START Exercise data

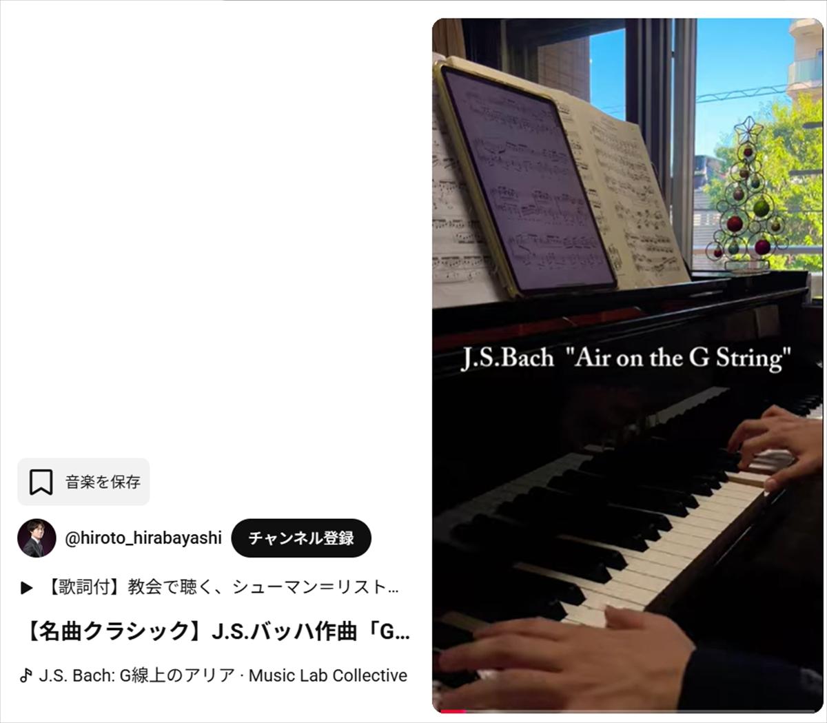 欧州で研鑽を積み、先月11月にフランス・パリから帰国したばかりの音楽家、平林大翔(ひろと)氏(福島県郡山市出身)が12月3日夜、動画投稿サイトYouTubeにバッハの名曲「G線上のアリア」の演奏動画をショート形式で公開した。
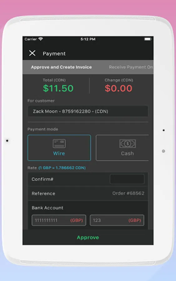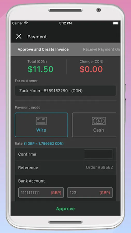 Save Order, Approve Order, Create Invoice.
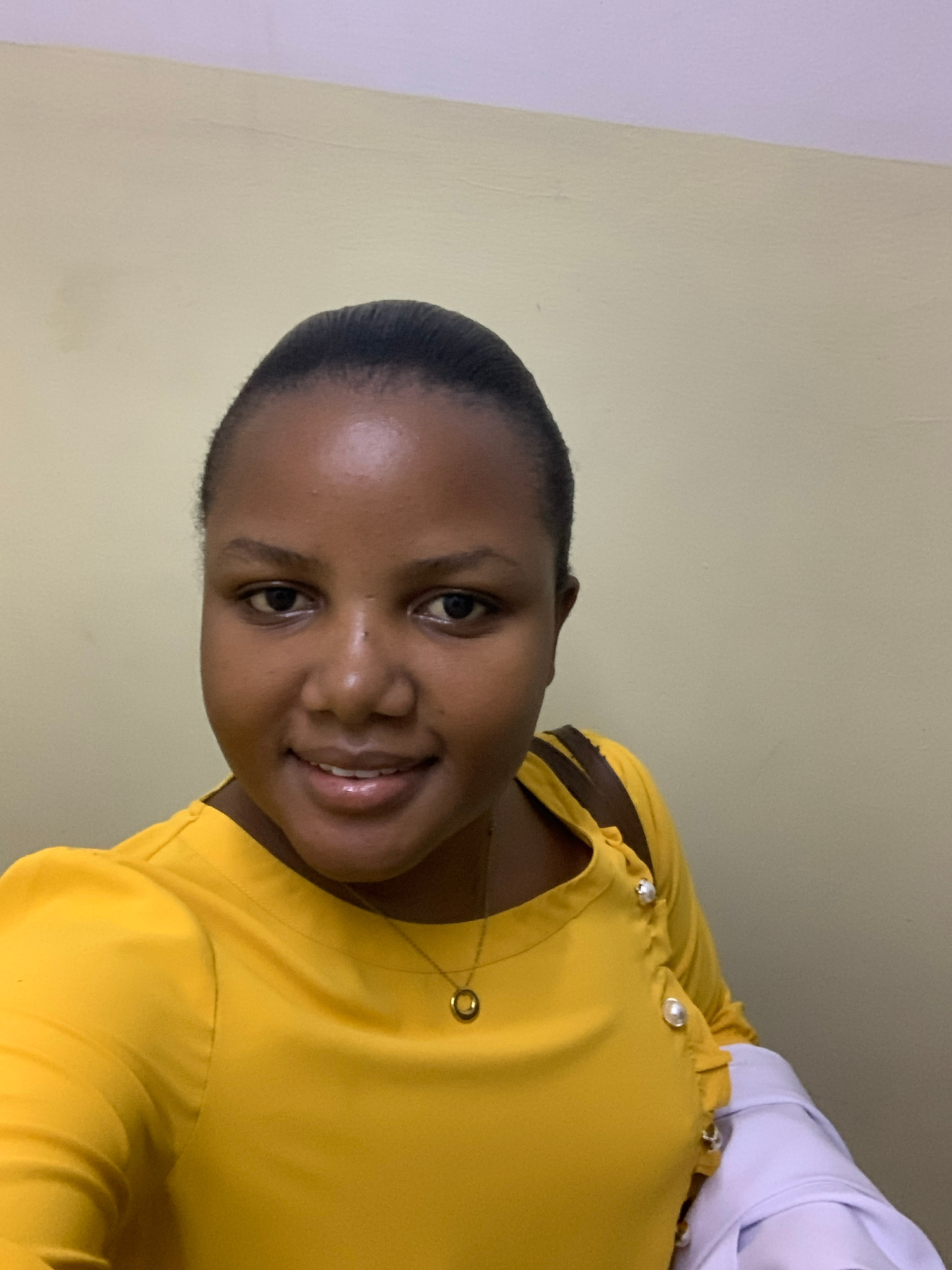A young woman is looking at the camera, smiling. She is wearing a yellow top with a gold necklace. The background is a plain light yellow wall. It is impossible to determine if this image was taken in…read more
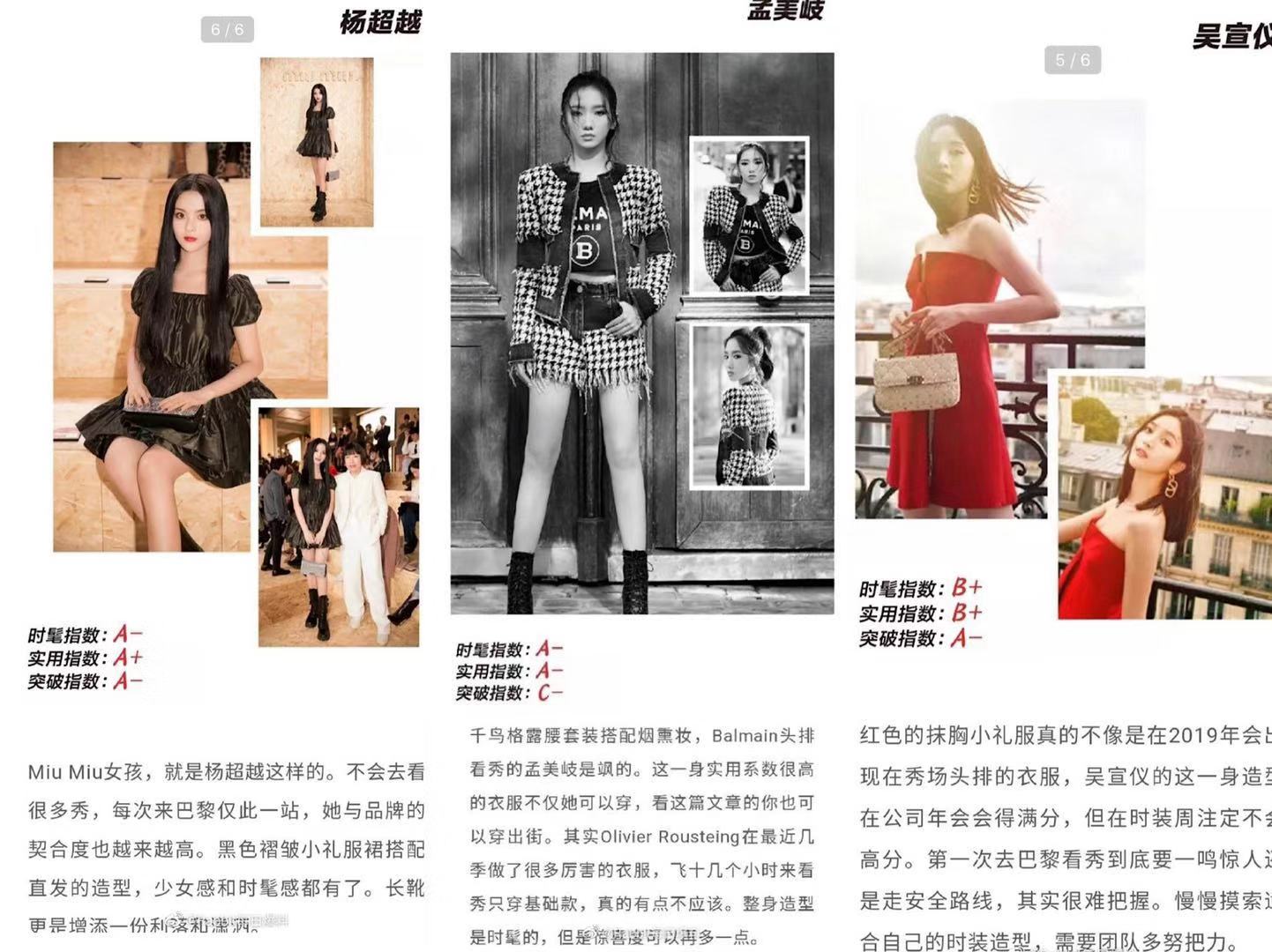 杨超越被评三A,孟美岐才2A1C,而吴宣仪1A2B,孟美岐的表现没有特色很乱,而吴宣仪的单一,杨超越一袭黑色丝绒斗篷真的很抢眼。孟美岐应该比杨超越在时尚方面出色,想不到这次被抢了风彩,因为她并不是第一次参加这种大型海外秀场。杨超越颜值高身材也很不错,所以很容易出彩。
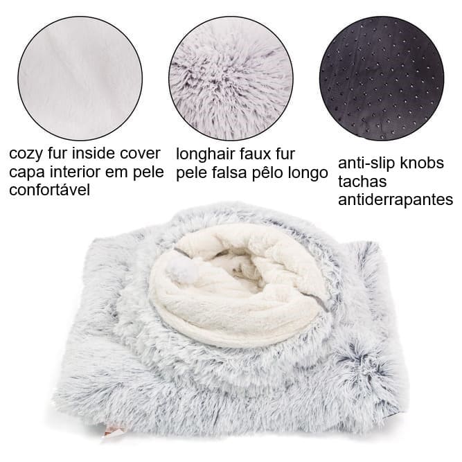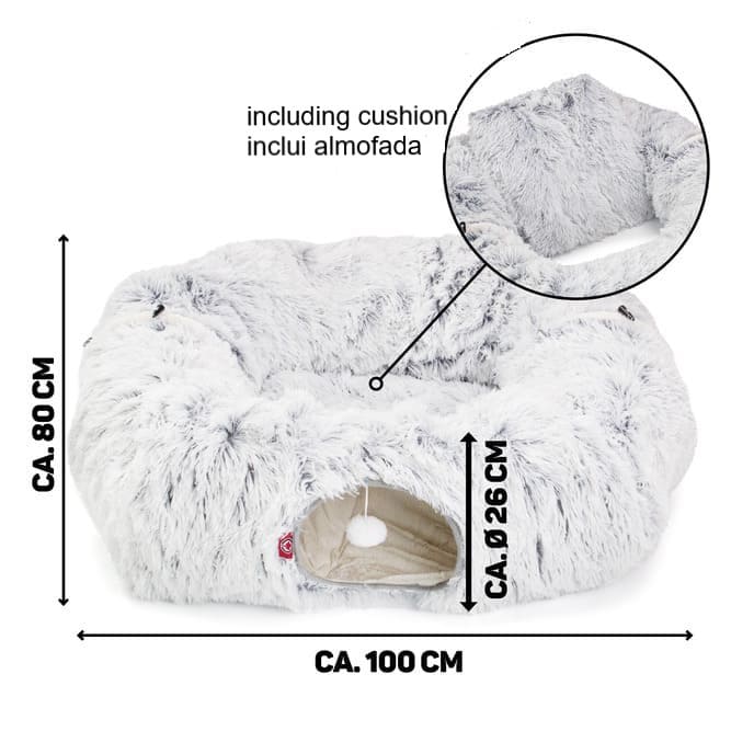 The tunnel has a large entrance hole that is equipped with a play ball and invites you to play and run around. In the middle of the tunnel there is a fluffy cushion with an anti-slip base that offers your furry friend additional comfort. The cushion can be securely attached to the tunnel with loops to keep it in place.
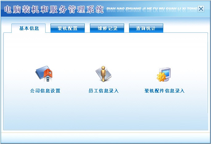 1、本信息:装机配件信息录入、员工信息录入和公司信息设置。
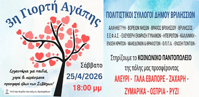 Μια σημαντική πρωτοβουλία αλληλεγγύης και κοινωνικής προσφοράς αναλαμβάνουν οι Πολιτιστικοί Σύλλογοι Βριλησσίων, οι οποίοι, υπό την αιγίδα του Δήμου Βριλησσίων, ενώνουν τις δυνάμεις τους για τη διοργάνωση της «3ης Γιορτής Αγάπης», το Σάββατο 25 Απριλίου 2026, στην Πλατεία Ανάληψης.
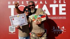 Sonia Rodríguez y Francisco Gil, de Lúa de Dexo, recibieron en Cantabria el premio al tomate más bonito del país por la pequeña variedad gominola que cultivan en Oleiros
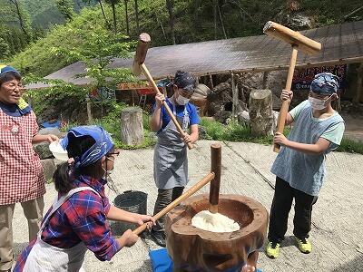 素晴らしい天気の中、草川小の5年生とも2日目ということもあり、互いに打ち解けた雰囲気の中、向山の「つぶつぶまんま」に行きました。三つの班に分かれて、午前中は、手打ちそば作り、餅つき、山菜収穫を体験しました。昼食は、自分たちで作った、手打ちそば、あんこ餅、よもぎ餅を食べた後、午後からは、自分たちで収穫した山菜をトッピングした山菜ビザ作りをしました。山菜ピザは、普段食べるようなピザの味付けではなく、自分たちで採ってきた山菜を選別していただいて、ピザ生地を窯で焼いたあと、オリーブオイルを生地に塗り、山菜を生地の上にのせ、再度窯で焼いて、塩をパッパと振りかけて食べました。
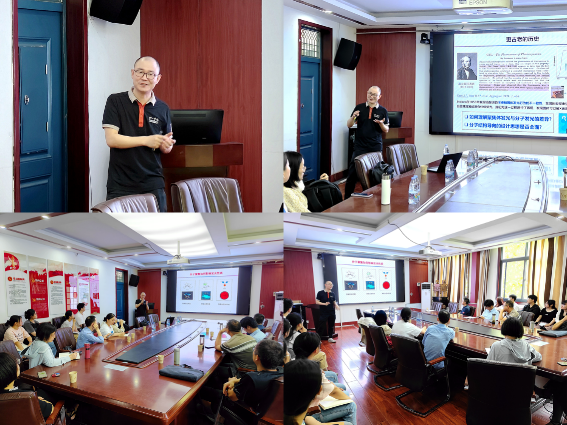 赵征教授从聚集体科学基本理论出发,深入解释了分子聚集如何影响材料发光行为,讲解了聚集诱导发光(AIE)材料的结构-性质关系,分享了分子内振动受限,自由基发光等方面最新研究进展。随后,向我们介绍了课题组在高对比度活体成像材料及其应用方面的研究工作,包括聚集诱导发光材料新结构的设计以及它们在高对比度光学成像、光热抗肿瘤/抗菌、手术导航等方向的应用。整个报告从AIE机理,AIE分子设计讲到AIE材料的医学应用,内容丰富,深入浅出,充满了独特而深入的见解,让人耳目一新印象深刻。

END Exercise data

#### Exercise details:
Without copying any picture, repeat all of the entries exactly.

#### Answer box:
 欧州で研鑽を積み、先月11月にフランス・パリから帰国したばかりの音楽家、平林大翔(ひろと)氏(福島県郡山市出身)が12月3日夜、動画投稿サイトYouTubeにバッハの名曲「G線上のアリア」の演奏動画をショート形式で公開した。
 Save Order, Approve Order, Create Invoice.
A young woman is looking at the camera, smiling. She is wearing a yellow top with a gold necklace. The background is a plain light yellow wall. It is impossible to determine if this image was taken in…read more
 杨超越被评三A,孟美岐才2A1C,而吴宣仪1A2B,孟美岐的表现没有特色很乱,而吴宣仪的单一,杨超越一袭黑色丝绒斗篷真的很抢眼。孟美岐应该比杨超越在时尚方面出色,想不到这次被抢了风彩,因为她并不是第一次参加这种大型海外秀场。杨超越颜值高身材也很不错,所以很容易出彩。
 The tunnel has a large entrance hole that is equipped with a play ball and invites you to play and run around. In the middle of the tunnel there is a fluffy cushion with an anti-slip base that offers your furry friend additional comfort. The cushion can be securely attached to the tunnel with loops to keep it in place.
 1、本信息:装机配件信息录入、员工信息录入和公司信息设置。
 Μια σημαντική πρωτοβουλία αλληλεγγύης και κοινωνικής προσφοράς αναλαμβάνουν οι Πολιτιστικοί Σύλλογοι Βριλησσίων, οι οποίοι, υπό την αιγίδα του Δήμου Βριλησσίων, ενώνουν τις δυνάμεις τους για τη διοργάνωση της «3ης Γιορτής Αγάπης», το Σάββατο 25 Απριλίου 2026, στην Πλατεία Ανάληψης.
 Sonia Rodríguez y Francisco Gil, de Lúa de Dexo, recibieron en Cantabria el premio al tomate más bonito del país por la pequeña variedad gominola que cultivan en Oleiros
 素晴らしい天気の中、草川小の5年生とも2日目ということもあり、互いに打ち解けた雰囲気の中、向山の「つぶつぶまんま」に行きました。三つの班に分かれて、午前中は、手打ちそば作り、餅つき、山菜収穫を体験しました。昼食は、自分たちで作った、手打ちそば、あんこ餅、よもぎ餅を食べた後、午後からは、自分たちで収穫した山菜をトッピングした山菜ビザ作りをしました。山菜ピザは、普段食べるようなピザの味付けではなく、自分たちで採ってきた山菜を選別していただいて、ピザ生地を窯で焼いたあと、オリーブオイルを生地に塗り、山菜を生地の上にのせ、再度窯で焼いて、塩をパッパと振りかけて食べました。
 赵征教授从聚集体科学基本理论出发,深入解释了分子聚集如何影响材料发光行为,讲解了聚集诱导发光(AIE)材料的结构-性质关系,分享了分子内振动受限,自由基发光等方面最新研究进展。随后,向我们介绍了课题组在高对比度活体成像材料及其应用方面的研究工作,包括聚集诱导发光材料新结构的设计以及它们在高对比度光学成像、光热抗肿瘤/抗菌、手术导航等方向的应用。整个报告从AIE机理,AIE分子设计讲到AIE材料的医学应用,内容丰富,深入浅出,充满了独特而深入的见解,让人耳目一新印象深刻。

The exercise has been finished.